Can you explain your notation a little bit? Is x[t] the sample index into
your signal? And t is time in samples?

I might formulate it as a Delta of indicies where a Delta of 1 is a normal
playback speed and you have some exponential rate. Would something like
this work?

delta *= rate
t += delta
y[n] = x[n - t + N]

My notation probably means something different from yours, but the idea is
the time varying index t accelerates or decelerates at a given rate. I've
kind of written a hybrid of pseudocode and DSP notation, sorry.
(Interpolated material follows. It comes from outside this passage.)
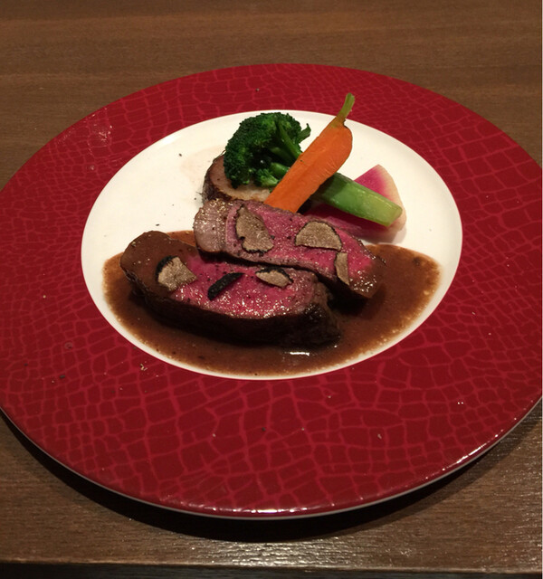 此れはシェフが相当入れ込んでいる赤牛です。綺麗な赤身にトリュフがタップリとかけてあります。

You would probably actually want some interpolation and for an application
like this one I would probably stick with linear interpolation (even though
most people on this list will probably disagree with me on that). Keep in
mind, though, that skipping samples might mean aliasing which will mean
low-pass filtering your signal (unless you know that there's no frequency
content in offensive ranges), and since you're essentially doing a variable
skip rate your low pass filter might either need to be aggressive or

Something about this algorithm scares me in it's seemingly unbounded need
for memory. Seems like a lot of heuristic constraints...
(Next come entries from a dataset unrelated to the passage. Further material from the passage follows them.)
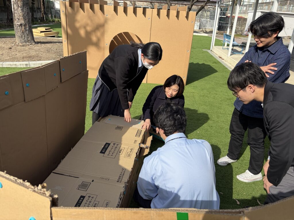 段ボールを使った避難所環境づくりと、センサーを組み合わせた実践的な防災教育プログラムを実施します。地域の社会課題解決として「防災」を切り⼝に、⼦どもたちが1⽇で実際に制作し、データを取る実践的なワンデイイベントです。
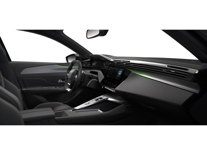 - Dashboard, middenconsole en stuurwiel afgewerkt met groen stiksel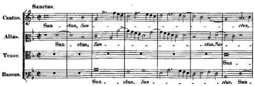 In the Sanctus Palestrina quotes the same chant melody (from the Gregorian Mass XV) as in the Missa Papae Marcelli; the movement's opening also resembles the melismatic Sanctus of that mass. A comparison of the two melodies is shown at right.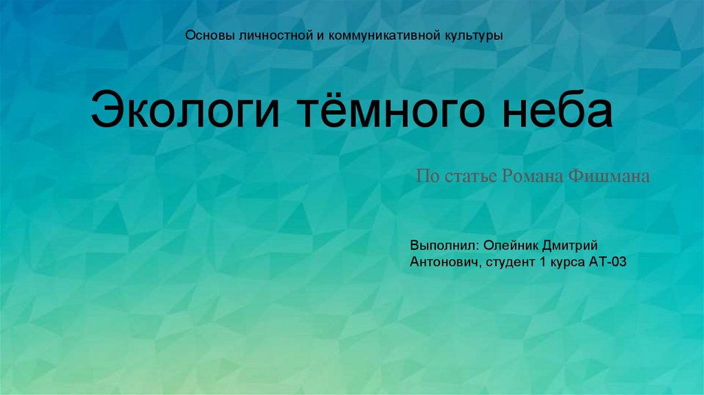 Основы личностной и коммуникативной культурыЭкологи тёмного неба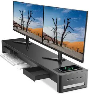 meatanty Dual Monitor Stand Riser with 2 Drawers,4 USB Ports and Charging Pad,Metal Monitor Stand for 2 Monitors Supports Transfer Data and Charging,Desk Organizer for PC,iMac(38.7 inches)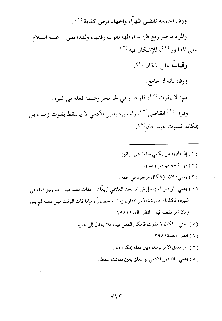 ورد: الجمعة تقضى ظهرًا، والجهاد فرض كفاية (١).

On Feb 6, 2018 06:45, "Maximiliano Estudies" <> wrote:

I am having trouble with this concept for quite some time now, I hope that
I can explain it well enough so you can understand what I mean.
I have signal stored in a buffer of known length. The buffer must be read
at a variable speed, and the variations in speed have to be exponential, so
that the resulting glissandi are (aurally) linear. In order to do that I
came up with the following formula:

x[t] = t * sample_rate * end_speed^(x[t] / T)     where T is the total
length of the buffer in samples.

This doesn’t seem to work and I can’t understand why.

And my second question is, how can I get the resulting length in
milliseconds? (how long will it take to play the whole buffer)

I hope I managed to be clear enough!